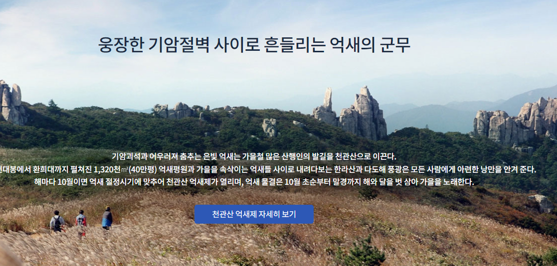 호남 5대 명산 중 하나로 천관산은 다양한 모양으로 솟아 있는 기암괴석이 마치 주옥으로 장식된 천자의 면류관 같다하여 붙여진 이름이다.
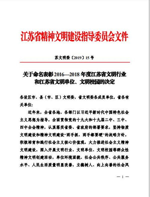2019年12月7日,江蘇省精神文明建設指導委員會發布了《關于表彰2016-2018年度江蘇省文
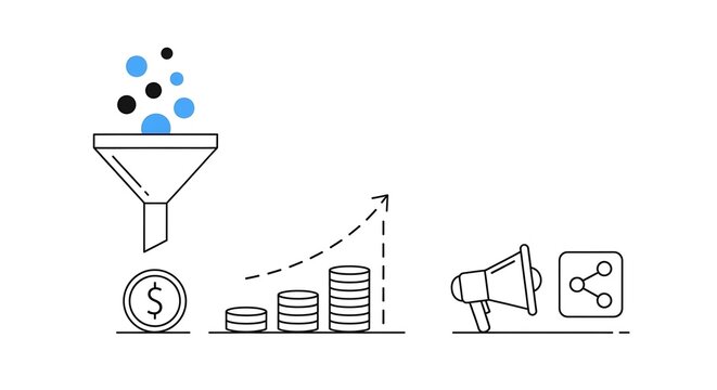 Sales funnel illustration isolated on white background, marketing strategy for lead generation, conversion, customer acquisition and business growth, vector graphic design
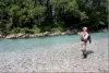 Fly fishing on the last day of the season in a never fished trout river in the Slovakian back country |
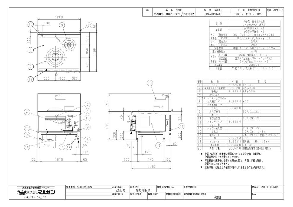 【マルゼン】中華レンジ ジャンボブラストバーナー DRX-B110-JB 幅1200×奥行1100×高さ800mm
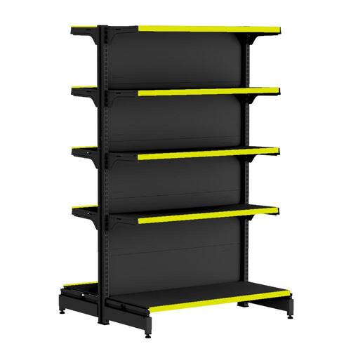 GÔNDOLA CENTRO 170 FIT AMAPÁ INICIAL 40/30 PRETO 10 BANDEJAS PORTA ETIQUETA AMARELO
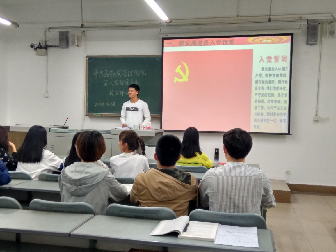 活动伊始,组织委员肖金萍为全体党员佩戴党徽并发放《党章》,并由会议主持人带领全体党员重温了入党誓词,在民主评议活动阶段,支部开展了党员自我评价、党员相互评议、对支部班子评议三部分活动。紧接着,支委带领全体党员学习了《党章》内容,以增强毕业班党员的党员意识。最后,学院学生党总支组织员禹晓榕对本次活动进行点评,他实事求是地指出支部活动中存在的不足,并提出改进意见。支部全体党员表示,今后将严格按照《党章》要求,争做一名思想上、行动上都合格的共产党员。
_ _ _ _ _
Word for word, repeat the material above and drop the pictures.

YOUR RESPONSE →
 호남 5대 명산 중 하나로 천관산은 다양한 모양으로 솟아 있는 기암괴석이 마치 주옥으로 장식된 천자의 면류관 같다하여 붙여진 이름이다.
2019年12月7日,江蘇省精神文明建設指導委員會發布了《關于表彰2016-2018年度江蘇省文
 Sales funnel illustration isolated on white background, marketing strategy for lead generation, conversion, customer acquisition and business growth, vector graphic design
 Fly fishing on the last day of the season in a never fished trout river in the Slovakian back country |
 【マルゼン】中華レンジ ジャンボブラストバーナー DRX-B110-JB 幅1200×奥行1100×高さ800mm
 GÔNDOLA CENTRO 170 FIT AMAPÁ INICIAL 40/30 PRETO 10 BANDEJAS PORTA ETIQUETA AMARELO
 活动伊始,组织委员肖金萍为全体党员佩戴党徽并发放《党章》,并由会议主持人带领全体党员重温了入党誓词,在民主评议活动阶段,支部开展了党员自我评价、党员相互评议、对支部班子评议三部分活动。紧接着,支委带领全体党员学习了《党章》内容,以增强毕业班党员的党员意识。最后,学院学生党总支组织员禹晓榕对本次活动进行点评,他实事求是地指出支部活动中存在的不足,并提出改进意见。支部全体党员表示,今后将严格按照《党章》要求,争做一名思想上、行动上都合格的共产党员。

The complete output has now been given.